▶ **PROBLEM TO WORK ON**: In the entries below, find the line containing "ਮੈਂ ਇੱਕ ਅੰਤਰਰਾਸ਼ਟਰੀ". Write out that line and all lines after it, exactly, and nothing else.

▶ **DATA SHOWN**:
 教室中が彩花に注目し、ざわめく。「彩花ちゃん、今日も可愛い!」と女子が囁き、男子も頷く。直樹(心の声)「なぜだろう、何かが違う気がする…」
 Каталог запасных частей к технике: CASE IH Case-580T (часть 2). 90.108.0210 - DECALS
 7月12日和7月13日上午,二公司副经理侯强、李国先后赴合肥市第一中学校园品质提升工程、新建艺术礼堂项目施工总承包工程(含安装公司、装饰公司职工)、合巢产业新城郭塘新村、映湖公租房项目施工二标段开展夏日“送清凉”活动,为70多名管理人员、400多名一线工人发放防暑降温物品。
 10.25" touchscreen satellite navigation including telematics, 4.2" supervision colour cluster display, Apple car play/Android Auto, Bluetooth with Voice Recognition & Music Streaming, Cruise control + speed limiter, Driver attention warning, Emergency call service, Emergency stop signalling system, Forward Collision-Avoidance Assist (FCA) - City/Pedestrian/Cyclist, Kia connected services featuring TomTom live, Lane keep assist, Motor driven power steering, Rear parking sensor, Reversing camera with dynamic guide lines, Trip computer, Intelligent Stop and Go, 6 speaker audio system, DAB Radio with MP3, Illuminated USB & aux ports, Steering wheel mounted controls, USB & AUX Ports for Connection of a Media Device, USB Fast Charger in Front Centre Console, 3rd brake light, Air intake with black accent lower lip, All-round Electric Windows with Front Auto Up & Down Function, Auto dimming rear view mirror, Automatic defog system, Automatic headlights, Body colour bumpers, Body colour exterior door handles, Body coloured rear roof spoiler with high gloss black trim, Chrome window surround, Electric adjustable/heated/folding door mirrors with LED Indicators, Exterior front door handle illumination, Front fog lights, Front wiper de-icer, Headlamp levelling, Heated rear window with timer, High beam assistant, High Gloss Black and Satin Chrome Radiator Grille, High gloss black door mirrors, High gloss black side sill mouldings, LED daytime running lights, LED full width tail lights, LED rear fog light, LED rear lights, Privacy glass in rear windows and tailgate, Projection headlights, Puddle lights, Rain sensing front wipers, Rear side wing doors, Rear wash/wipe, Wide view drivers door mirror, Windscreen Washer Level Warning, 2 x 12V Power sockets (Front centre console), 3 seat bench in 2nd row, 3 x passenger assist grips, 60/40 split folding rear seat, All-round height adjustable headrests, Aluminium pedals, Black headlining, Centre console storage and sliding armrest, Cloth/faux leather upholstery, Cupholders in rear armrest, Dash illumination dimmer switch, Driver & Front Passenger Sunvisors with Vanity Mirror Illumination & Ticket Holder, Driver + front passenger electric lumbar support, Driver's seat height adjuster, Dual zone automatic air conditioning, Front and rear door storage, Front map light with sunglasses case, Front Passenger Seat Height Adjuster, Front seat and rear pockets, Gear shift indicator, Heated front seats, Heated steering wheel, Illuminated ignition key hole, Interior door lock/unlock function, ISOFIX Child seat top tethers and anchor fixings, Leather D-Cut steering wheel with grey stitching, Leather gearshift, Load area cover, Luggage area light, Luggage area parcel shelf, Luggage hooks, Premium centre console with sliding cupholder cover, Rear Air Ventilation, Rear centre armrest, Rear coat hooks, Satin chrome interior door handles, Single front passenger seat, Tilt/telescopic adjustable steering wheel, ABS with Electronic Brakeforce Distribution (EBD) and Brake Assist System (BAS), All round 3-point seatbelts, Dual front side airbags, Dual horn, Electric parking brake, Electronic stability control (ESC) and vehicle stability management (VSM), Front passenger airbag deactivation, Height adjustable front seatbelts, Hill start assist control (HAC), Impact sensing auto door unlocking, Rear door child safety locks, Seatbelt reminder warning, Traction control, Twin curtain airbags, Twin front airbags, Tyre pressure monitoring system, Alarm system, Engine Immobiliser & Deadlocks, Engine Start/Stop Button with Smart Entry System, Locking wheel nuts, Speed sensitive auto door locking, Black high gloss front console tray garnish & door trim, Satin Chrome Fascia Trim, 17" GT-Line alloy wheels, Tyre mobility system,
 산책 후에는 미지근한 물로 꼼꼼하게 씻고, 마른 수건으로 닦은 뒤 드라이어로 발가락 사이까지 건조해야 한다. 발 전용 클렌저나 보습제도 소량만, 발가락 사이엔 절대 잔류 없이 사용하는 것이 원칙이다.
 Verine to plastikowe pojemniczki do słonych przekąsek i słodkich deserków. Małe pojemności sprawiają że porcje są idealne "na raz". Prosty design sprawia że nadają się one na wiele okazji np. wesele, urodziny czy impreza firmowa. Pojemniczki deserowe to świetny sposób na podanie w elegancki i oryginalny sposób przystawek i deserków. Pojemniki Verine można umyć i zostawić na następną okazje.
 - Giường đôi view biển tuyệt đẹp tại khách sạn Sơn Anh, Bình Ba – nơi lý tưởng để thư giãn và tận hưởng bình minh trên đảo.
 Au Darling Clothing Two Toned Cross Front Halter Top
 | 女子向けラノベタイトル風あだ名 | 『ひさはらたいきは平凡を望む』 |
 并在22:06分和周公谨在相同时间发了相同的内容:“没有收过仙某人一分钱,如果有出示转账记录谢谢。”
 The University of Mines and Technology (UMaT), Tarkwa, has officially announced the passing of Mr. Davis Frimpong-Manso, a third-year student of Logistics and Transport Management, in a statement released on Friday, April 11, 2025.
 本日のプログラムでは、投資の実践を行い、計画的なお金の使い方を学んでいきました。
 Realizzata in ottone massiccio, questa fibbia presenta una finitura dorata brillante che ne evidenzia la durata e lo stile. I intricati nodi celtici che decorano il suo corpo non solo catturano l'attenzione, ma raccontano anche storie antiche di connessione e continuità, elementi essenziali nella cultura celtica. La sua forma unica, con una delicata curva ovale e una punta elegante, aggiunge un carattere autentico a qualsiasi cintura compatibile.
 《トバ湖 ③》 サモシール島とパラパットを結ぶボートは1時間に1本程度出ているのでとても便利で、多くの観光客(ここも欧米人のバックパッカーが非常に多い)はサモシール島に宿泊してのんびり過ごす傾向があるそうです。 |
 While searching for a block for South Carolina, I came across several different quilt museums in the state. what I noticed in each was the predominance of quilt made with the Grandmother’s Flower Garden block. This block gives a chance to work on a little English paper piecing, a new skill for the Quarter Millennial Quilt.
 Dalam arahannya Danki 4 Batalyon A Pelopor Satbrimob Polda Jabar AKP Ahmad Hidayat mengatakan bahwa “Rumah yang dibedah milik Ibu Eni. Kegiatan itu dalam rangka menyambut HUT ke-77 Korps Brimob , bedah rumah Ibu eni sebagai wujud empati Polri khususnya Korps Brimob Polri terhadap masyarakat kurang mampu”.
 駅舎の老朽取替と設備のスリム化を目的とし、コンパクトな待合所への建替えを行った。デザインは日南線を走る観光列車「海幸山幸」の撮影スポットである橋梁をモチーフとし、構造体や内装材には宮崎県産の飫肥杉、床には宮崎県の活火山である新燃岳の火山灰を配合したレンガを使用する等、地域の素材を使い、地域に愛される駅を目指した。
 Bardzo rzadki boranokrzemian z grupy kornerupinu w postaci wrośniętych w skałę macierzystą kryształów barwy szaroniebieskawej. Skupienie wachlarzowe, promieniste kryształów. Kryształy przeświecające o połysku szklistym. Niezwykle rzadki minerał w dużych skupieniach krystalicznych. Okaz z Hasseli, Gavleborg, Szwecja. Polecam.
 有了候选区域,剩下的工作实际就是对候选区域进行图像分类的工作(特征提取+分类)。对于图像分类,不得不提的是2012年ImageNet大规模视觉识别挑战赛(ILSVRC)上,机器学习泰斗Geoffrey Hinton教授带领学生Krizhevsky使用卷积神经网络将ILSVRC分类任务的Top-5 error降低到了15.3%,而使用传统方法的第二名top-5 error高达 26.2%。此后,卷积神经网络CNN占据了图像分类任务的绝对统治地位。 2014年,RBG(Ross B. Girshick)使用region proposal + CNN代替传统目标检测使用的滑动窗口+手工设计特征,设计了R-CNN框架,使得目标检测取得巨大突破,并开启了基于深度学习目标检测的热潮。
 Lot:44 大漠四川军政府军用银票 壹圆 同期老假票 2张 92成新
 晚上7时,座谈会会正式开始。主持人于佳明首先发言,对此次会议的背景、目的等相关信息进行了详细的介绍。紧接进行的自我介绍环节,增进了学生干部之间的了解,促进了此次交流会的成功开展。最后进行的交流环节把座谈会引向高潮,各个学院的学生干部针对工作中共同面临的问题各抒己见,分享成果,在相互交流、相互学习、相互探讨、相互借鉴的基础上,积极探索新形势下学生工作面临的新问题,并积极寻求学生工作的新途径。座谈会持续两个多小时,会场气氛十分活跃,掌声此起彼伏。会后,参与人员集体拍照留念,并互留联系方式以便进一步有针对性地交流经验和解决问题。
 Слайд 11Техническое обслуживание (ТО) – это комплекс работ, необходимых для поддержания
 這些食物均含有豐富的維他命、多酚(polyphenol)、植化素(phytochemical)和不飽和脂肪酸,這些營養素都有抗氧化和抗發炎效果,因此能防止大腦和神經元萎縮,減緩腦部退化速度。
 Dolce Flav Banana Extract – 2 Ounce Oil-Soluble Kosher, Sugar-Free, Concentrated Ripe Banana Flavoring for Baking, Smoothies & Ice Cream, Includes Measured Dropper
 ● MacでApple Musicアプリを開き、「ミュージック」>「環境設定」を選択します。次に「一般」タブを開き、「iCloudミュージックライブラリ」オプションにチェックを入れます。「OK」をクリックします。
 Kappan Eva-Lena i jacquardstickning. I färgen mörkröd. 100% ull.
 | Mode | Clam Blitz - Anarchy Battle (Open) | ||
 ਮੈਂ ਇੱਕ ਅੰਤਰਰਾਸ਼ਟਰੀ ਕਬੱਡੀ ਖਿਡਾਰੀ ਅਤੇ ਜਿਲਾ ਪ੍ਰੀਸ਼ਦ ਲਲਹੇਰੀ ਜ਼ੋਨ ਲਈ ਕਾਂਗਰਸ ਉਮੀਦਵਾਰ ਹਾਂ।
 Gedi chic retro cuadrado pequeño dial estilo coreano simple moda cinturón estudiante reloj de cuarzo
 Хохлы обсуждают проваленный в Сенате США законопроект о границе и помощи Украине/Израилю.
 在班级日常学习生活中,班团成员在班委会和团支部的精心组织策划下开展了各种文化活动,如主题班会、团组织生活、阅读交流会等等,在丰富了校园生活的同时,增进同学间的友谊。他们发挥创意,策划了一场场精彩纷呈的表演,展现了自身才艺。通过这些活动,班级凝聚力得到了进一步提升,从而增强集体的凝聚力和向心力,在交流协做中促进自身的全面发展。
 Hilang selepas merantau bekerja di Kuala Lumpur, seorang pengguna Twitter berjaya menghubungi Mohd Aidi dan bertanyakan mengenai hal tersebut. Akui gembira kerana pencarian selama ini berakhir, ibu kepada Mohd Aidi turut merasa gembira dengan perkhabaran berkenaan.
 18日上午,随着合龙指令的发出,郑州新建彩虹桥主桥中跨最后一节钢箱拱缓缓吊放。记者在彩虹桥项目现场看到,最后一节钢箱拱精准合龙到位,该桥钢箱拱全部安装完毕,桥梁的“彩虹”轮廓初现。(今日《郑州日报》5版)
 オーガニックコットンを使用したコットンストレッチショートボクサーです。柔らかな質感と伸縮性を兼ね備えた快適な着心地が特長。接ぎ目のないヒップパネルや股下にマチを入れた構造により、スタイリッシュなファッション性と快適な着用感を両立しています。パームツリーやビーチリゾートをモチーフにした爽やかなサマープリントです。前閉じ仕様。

▶ **ANSWER BOX**:
 ਮੈਂ ਇੱਕ ਅੰਤਰਰਾਸ਼ਟਰੀ ਕਬੱਡੀ ਖਿਡਾਰੀ ਅਤੇ ਜਿਲਾ ਪ੍ਰੀਸ਼ਦ ਲਲਹੇਰੀ ਜ਼ੋਨ ਲਈ ਕਾਂਗਰਸ ਉਮੀਦਵਾਰ ਹਾਂ।
 Gedi chic retro cuadrado pequeño dial estilo coreano simple moda cinturón estudiante reloj de cuarzo
 Хохлы обсуждают проваленный в Сенате США законопроект о границе и помощи Украине/Израилю.
 在班级日常学习生活中,班团成员在班委会和团支部的精心组织策划下开展了各种文化活动,如主题班会、团组织生活、阅读交流会等等,在丰富了校园生活的同时,增进同学间的友谊。他们发挥创意,策划了一场场精彩纷呈的表演,展现了自身才艺。通过这些活动,班级凝聚力得到了进一步提升,从而增强集体的凝聚力和向心力,在交流协做中促进自身的全面发展。
 Hilang selepas merantau bekerja di Kuala Lumpur, seorang pengguna Twitter berjaya menghubungi Mohd Aidi dan bertanyakan mengenai hal tersebut. Akui gembira kerana pencarian selama ini berakhir, ibu kepada Mohd Aidi turut merasa gembira dengan perkhabaran berkenaan.
 18日上午,随着合龙指令的发出,郑州新建彩虹桥主桥中跨最后一节钢箱拱缓缓吊放。记者在彩虹桥项目现场看到,最后一节钢箱拱精准合龙到位,该桥钢箱拱全部安装完毕,桥梁的“彩虹”轮廓初现。(今日《郑州日报》5版)
 オーガニックコットンを使用したコットンストレッチショートボクサーです。柔らかな質感と伸縮性を兼ね備えた快適な着心地が特長。接ぎ目のないヒップパネルや股下にマチを入れた構造により、スタイリッシュなファッション性と快適な着用感を両立しています。パームツリーやビーチリゾートをモチーフにした爽やかなサマープリントです。前閉じ仕様。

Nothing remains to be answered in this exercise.